Report of Independent Registered Public Accounting Firm

We have audited Limelight Networks, Inc.’s internal control over financial reporting as of December 31, 2014, based 

on criteria established in Internal Control — Integrated Framework issued by the Committee of Sponsoring Organizations of 
the Treadway Commission (2013 framework) (the COSO criteria). Limelight Networks, Inc.’s management is responsible for 
maintaining effective internal control over financial reporting, and for its assessment of the effectiveness of internal control 
over financial reporting included in the accompanying Management’s Annual Report on Internal Control Over Financial 
Reporting. Our responsibility is to express an opinion on the company’s internal control over financial reporting based on our 
audit.

We conducted our audits in accordance with the standards of the Public Company Accounting Oversight Board 
(United States). Those standards require that we plan and perform the audit to obtain reasonable assurance about whether 
effective internal control over financial reporting was maintained in all material respects. Our audit included obtaining an 
understanding of internal control over financial reporting, assessing the risk that a material weakness exists, testing and 
evaluating the design and operating effectiveness of internal control based on the assessed risk, and performing such other 
procedures as we considered necessary in the circumstances. We believe that our audits provide a reasonable basis for our 
opinion.

A company’s internal control over financial reporting is a process designed to provide reasonable assurance regarding 

the reliability of financial reporting and the preparation of financial statements for external purposes in accordance with 
generally accepted accounting principles. A company’s internal control over financial reporting includes those policies and 
procedures that (1) pertain to the maintenance of records that, in reasonable detail, accurately and fairly reflect the transactions 
and dispositions of the assets of the company; (2) provide reasonable assurance that transactions are recorded as necessary to 
permit preparation of financial statements in accordance with generally accepted accounting principles, and that receipts and 
expenditures of the company are being made only in accordance with authorizations of management and directors of the 
company; and (3) provide reasonable assurance regarding prevention or timely detection of unauthorized acquisition, use, or 
disposition of the company’s assets that could have a material effect on the financial statements.

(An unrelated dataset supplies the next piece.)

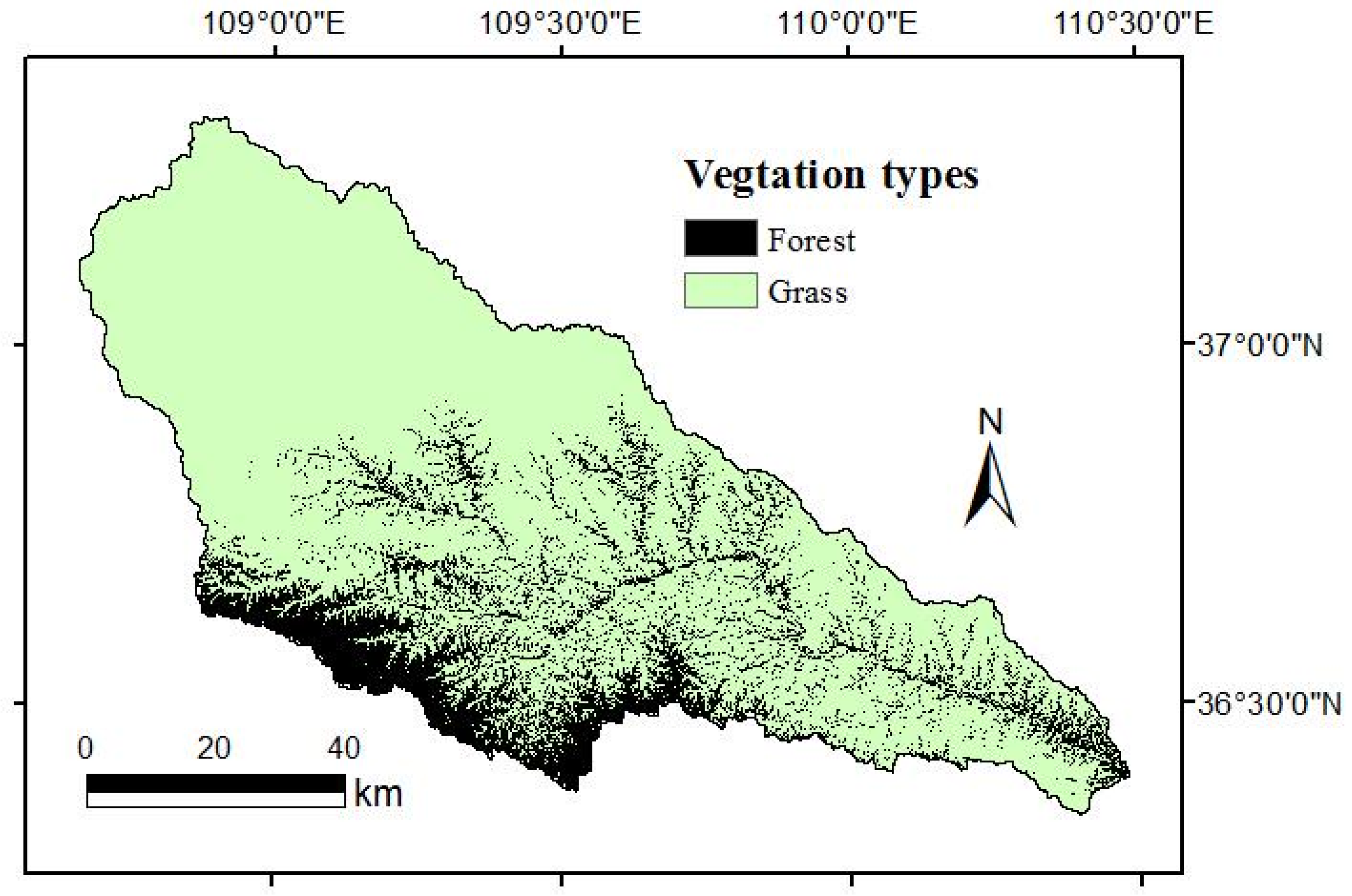 Distribution of actual vegetation in the Yanhe River catchment.

Because of its inherent limitations, internal control over financial reporting may not prevent or detect misstatements. 

Also, projections of any evaluation of effectiveness to future periods are subject to the risk that controls may become 
inadequate because of changes in conditions, or that the degree of compliance with the policies or procedures may deteriorate.

In our opinion, Limelight Networks, Inc. maintained, in all material respects, effective internal control over financial 

reporting as of December 31, 2014, based on the COSO criteria.

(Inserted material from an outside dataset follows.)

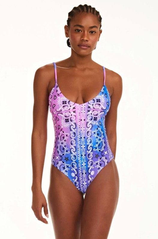 Maiô dupla face localizado alça fina com regulagem, decote v frontal e costas cavada. Tecido estampado digitalmente. Peça exclusiva oficial Collab NV+TRIYA

We also have audited, in accordance with the standards of the Public Company Accounting Oversight Board (United 

States), the consolidated balance sheets of Limelight Networks, Inc. as of December 31, 2014 and 2013, and the related 
consolidated statements of operations, comprehensive loss, stockholders’ equity, and cash flows for each of the three years in 
the period ended December 31, 2014 and our report dated February 17, 2015 expressed an unqualified opinion thereon.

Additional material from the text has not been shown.